Unsystematic risk is the risk that comes from individual positions—whether a specific candidate wins, a particular policy passes, or a single game goes your way. It's "diversifiable" because holding many unrelated positions smooths out this risk: some win, some lose, but the overall portfolio becomes more predictable. It's the opposite of systematic risk, which affects everything at once.
#How many positions do I need to diversify?
The benefit of diversification follows a square root rule: going from 1 to 4 positions cuts volatility in half; going from 4 to 16 cuts it in half again. Practically, 10-20 truly independent positions capture most of the diversification benefit. Beyond that, you get diminishing returns while adding complexity and transaction costs.

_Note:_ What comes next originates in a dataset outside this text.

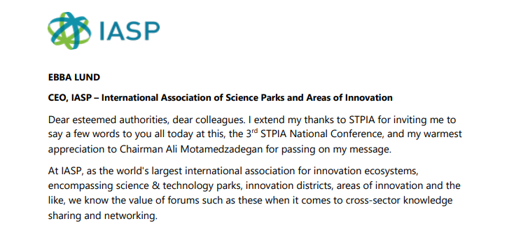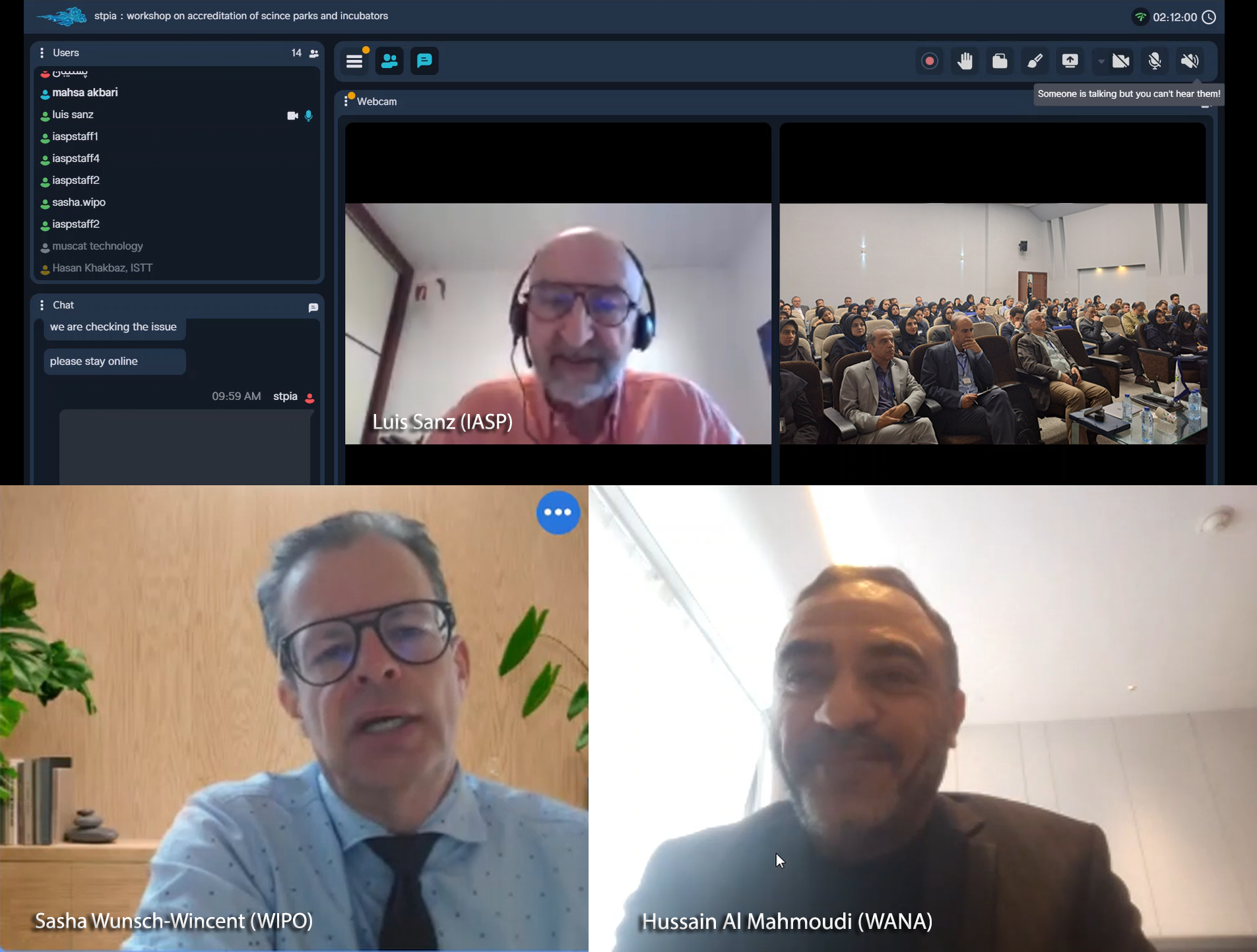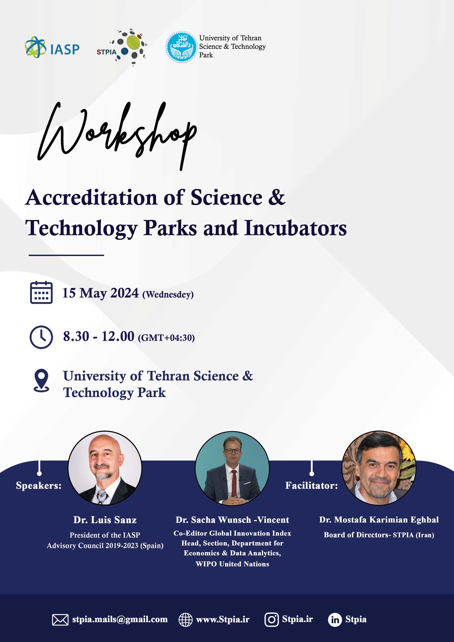 In the opening panel, Ali Motamedzadegan, the chairman of STPIA, Zahra Mohammad Hashemi, the deputy of the technology infrastructure development office, and Iraj Alahdadi, the deputy of technology development in Science and Technology Park of Tehran University were present, while welcoming the guests, the workshop's objectives were discussed, and the importance of evaluating the performance of innovation organizations in improving their progress was emphasized. In the following, Dr. Ali Motamedzadegan gave explanations in English about the objectives, programs and missions of the association.The first panel started with the speeches of Hossein Al-Mahmoudi, Luis Sanz, and Sasha Wunsch Vincent with the facilitation of Mostafa Karimian Iqbal who presented their content and important points regarding the evaluation and ranking of science and technology parks.First, Hossein Al Mahmoudi, the head of the West Asia and North Africa (WANA) division in IASP, pointed out the impact of this division's role in creating communication in the IASP organization, and further emphasized the importance of the concept of evaluation in the performance of all innovation organizations in the world, saying that through evaluation, organizations can achieve a standard evaluation structure to use that structure for their growth and development.Then Luis from IASP talked about the promotion of the organization's brand as an advantage of membership in associations and added: that what is important is the credibility of the institution that performs the evaluation process; Sometimes only the certificate is exchanged between the assessor and the assesses, or sometimes the assessment is not comprehensive and only has a local or regional aspect.

#Can I eliminate all risk through diversification?
No. Diversification eliminates unsystematic (position-specific) risk but not systematic risk—risks that affect all positions simultaneously. In prediction markets, systematic risks include platform failures, regulatory changes, and broad market liquidity crises. A fully diversified portfolio still carries these non-diversifiable risks.
#Are all prediction market positions uncorrelated?
No. Many positions share underlying factors. Elections in the same country, policies from the same government, or events in the same industry may be correlated. Positions are truly uncorrelated only when the underlying events have no shared causes or influences. Assessing correlation requires thinking about what drives each outcome.
#How does diversification affect expected returns?
Diversification reduces risk without reducing expected return—that's its power. If each position has 5% expected return, a portfolio of 10 such positions also has 5% expected return but with much lower volatility. This is why diversification improves risk-adjusted returns (like Sharpe ratio) even when raw expected returns stay the same.